Could you restate word for word every line of the records below, from the first one to the one holding "Maximize your Kitchen"?
----------------
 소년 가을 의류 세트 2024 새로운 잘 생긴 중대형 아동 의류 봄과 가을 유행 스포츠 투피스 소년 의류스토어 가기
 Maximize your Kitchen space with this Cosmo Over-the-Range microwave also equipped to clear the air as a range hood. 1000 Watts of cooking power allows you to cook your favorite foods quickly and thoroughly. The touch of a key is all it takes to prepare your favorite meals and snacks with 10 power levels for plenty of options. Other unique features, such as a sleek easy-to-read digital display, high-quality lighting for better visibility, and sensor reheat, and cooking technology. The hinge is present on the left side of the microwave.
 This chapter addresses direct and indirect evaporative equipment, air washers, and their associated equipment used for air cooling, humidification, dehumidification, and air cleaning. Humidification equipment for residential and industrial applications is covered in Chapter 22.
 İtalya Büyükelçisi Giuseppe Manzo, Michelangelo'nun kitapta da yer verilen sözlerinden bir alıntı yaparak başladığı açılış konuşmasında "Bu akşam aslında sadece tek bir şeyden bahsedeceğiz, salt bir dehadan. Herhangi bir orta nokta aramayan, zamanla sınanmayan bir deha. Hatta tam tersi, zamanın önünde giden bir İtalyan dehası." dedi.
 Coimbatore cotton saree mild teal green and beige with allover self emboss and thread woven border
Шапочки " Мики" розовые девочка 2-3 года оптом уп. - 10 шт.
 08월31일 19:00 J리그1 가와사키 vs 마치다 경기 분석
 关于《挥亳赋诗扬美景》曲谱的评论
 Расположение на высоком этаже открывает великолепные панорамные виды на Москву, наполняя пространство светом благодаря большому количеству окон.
----------------
Response to the exercise:
 소년 가을 의류 세트 2024 새로운 잘 생긴 중대형 아동 의류 봄과 가을 유행 스포츠 투피스 소년 의류스토어 가기
 Maximize your Kitchen space with this Cosmo Over-the-Range microwave also equipped to clear the air as a range hood. 1000 Watts of cooking power allows you to cook your favorite foods quickly and thoroughly. The touch of a key is all it takes to prepare your favorite meals and snacks with 10 power levels for plenty of options. Other unique features, such as a sleek easy-to-read digital display, high-quality lighting for better visibility, and sensor reheat, and cooking technology. The hinge is present on the left side of the microwave.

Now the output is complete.